The entries below contain pictures. Write out only the lines from the line with "Women's Knitted Gloves" up to and including the line with "木質(zhì)地板的空房間3D渲染", exactly, without them.

• **Source data**:

----

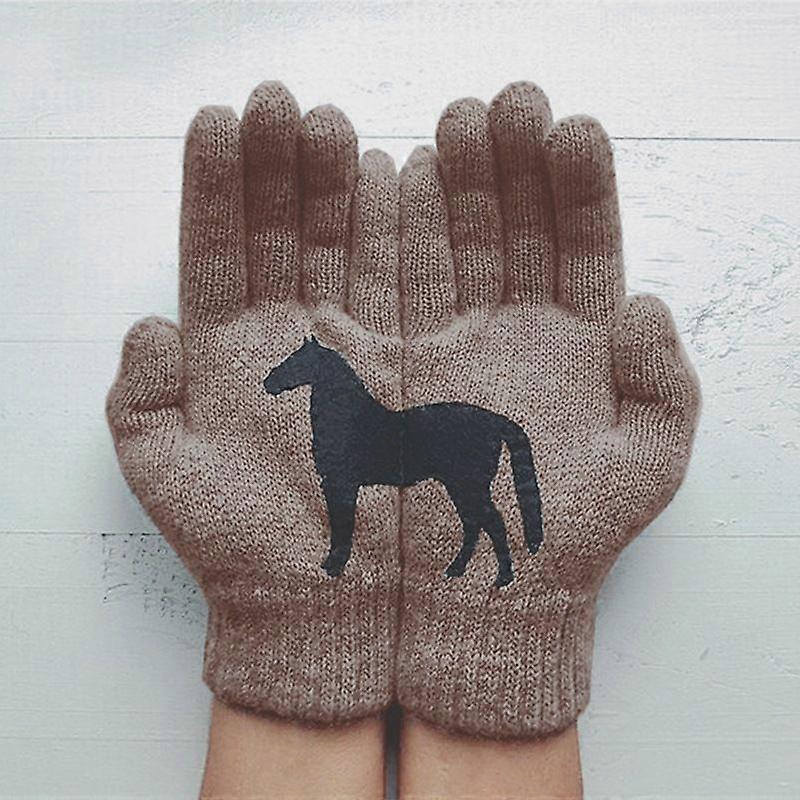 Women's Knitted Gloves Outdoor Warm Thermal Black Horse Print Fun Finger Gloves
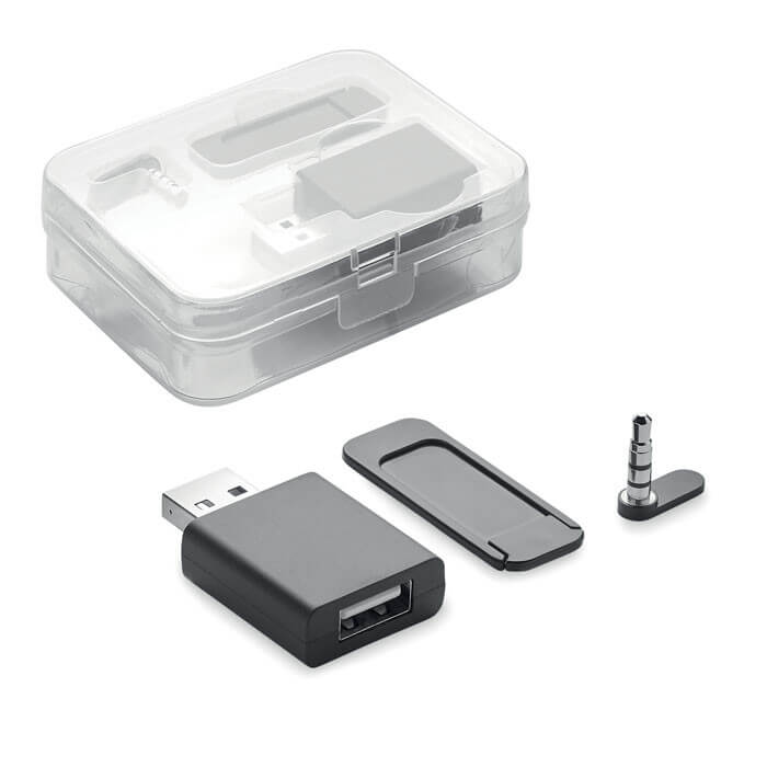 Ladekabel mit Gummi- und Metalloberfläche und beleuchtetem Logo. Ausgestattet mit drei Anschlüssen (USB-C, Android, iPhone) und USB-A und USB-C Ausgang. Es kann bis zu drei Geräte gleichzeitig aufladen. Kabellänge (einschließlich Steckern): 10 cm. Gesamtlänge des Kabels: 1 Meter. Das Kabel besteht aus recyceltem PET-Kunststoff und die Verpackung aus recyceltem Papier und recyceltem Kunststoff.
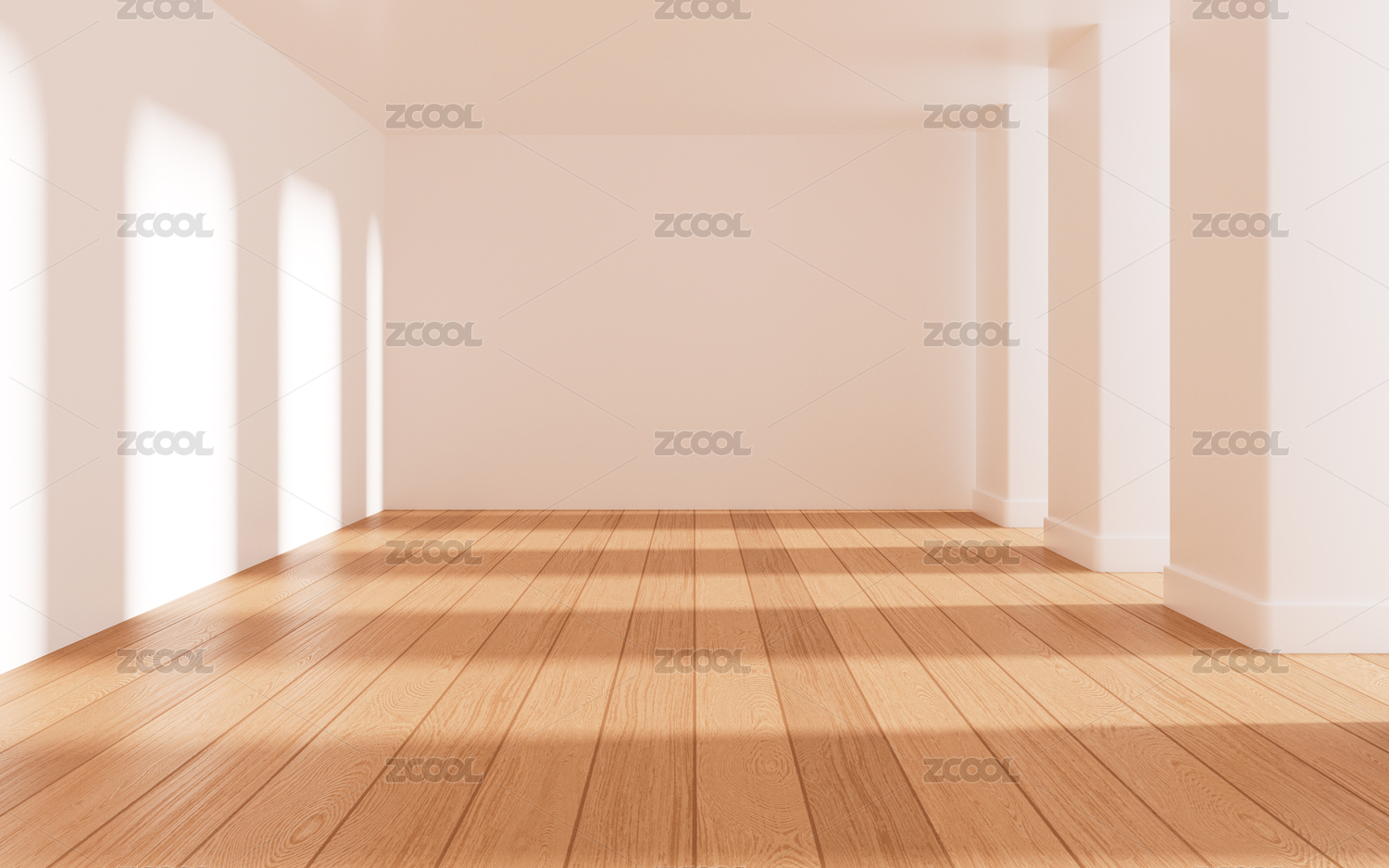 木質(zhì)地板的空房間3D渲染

----

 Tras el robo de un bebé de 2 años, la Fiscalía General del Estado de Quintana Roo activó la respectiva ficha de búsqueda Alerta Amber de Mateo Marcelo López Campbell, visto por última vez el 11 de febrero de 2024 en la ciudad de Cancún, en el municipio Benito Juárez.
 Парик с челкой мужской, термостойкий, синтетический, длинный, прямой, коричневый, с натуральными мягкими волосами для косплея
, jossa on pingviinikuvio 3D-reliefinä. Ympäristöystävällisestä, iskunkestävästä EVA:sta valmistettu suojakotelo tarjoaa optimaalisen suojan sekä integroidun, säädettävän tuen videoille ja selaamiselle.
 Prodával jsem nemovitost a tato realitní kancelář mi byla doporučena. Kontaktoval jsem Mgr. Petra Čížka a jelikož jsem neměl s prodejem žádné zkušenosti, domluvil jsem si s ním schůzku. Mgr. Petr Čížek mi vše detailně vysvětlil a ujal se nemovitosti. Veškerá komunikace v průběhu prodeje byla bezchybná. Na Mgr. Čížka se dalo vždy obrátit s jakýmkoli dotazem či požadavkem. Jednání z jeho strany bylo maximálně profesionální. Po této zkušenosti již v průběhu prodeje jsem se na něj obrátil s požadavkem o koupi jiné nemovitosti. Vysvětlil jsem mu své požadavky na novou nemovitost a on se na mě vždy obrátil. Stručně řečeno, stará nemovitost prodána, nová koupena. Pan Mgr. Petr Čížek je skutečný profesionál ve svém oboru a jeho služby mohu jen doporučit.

----

• **Output for this exercise**:
 Women's Knitted Gloves Outdoor Warm Thermal Black Horse Print Fun Finger Gloves
 Ladekabel mit Gummi- und Metalloberfläche und beleuchtetem Logo. Ausgestattet mit drei Anschlüssen (USB-C, Android, iPhone) und USB-A und USB-C Ausgang. Es kann bis zu drei Geräte gleichzeitig aufladen. Kabellänge (einschließlich Steckern): 10 cm. Gesamtlänge des Kabels: 1 Meter. Das Kabel besteht aus recyceltem PET-Kunststoff und die Verpackung aus recyceltem Papier und recyceltem Kunststoff.
 木質(zhì)地板的空房間3D渲染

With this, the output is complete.